Simply put, risk management is a two-step process – determining what risks exist in an investment and then handling those risks in a way best-suited to your investment objectives. Risk management occurs everywhere in the financial world. It occurs when an investor buys low-risk government bonds over more risky corporate debt, when a fund manager hedges their currency exposure with currency derivatives and when a bank performs a credit check on an individual before issuing them a personal line of credit.
Risk profile defined; An evaluation of an individual or organization’s willingness to take risks, as well as the threats to which an organization is exposed. A risk profile identifies:
1. The acceptable level of risk an individual or corporation is prepared to accept. A corporation’s risk profile attempts to determine how the corporation’s willingness to take risk (or aversion to risk) will affect its overall decision-making strategy.
2. The risks and threats faced by an organization. The risk profile may include the probability of resulting negative effects, and an outline of the potential costs and level of disruption for each risk.

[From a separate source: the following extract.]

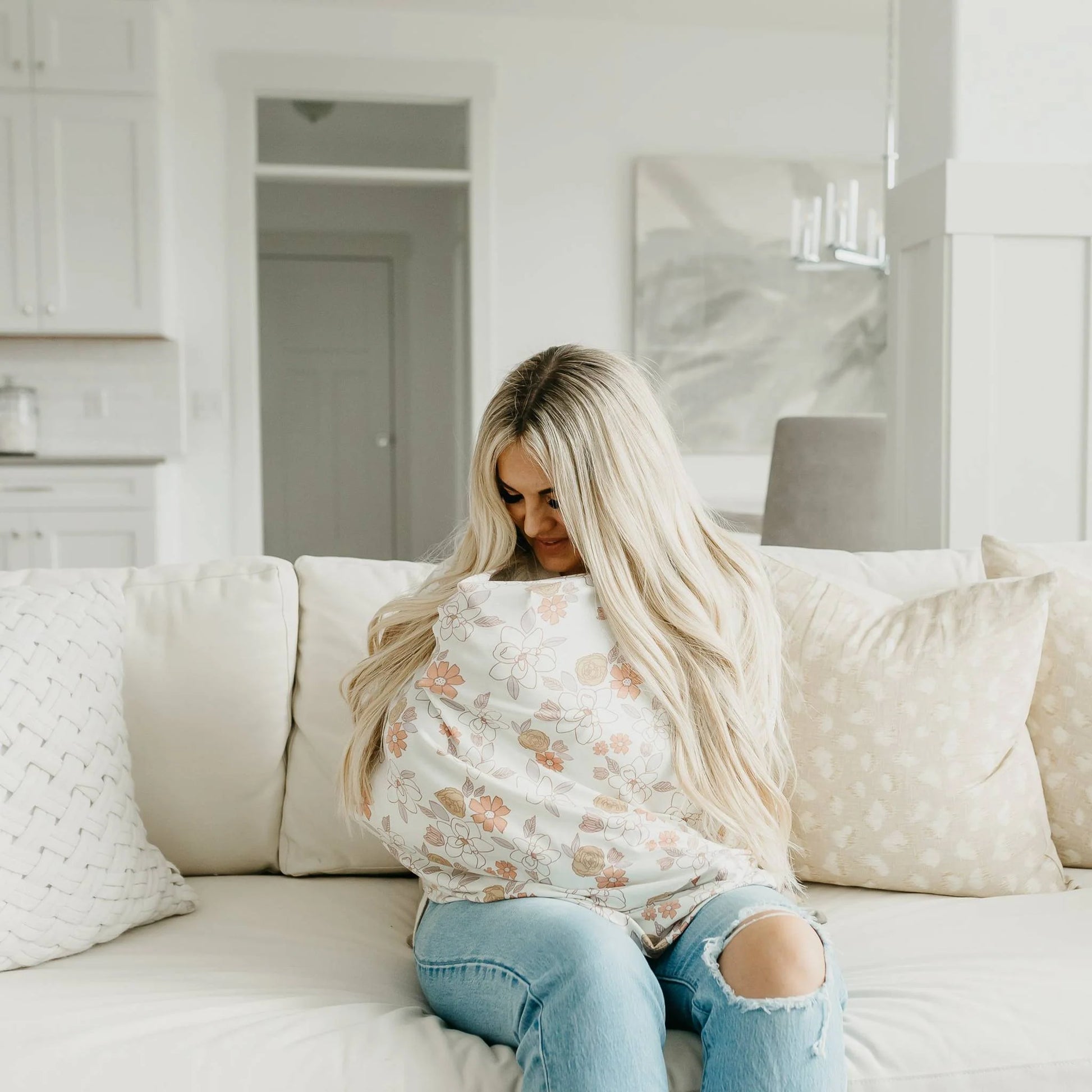 - Stretchy fabric fits most all car seats, shopping carts, high chairs and nursing mothers. It can also be a trendy infinity scarf!
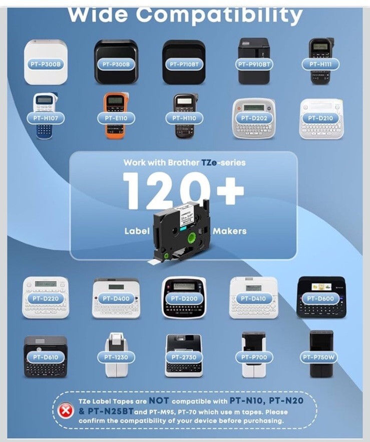 For Brother P-Touch Laminated White 12mm x 0.47". 1/2"

In general, the greater the risk associated with any investment, the greater the return required. Either risk profile – whether used to describe the willingness to accept risk or an evaluation of the risks to which an entity is exposed – can be expressed in graphical form. Risk is often measured in terms of risk probability – the likelihood that a risk will occur and risk impact – a measure of the consequences (such as project costs and schedule) if the risk occurs. Investors, for example, can evaluate the risk to which a portfolio is exposed and make buy and sell decisions based on this risk and their willingness to accept risk.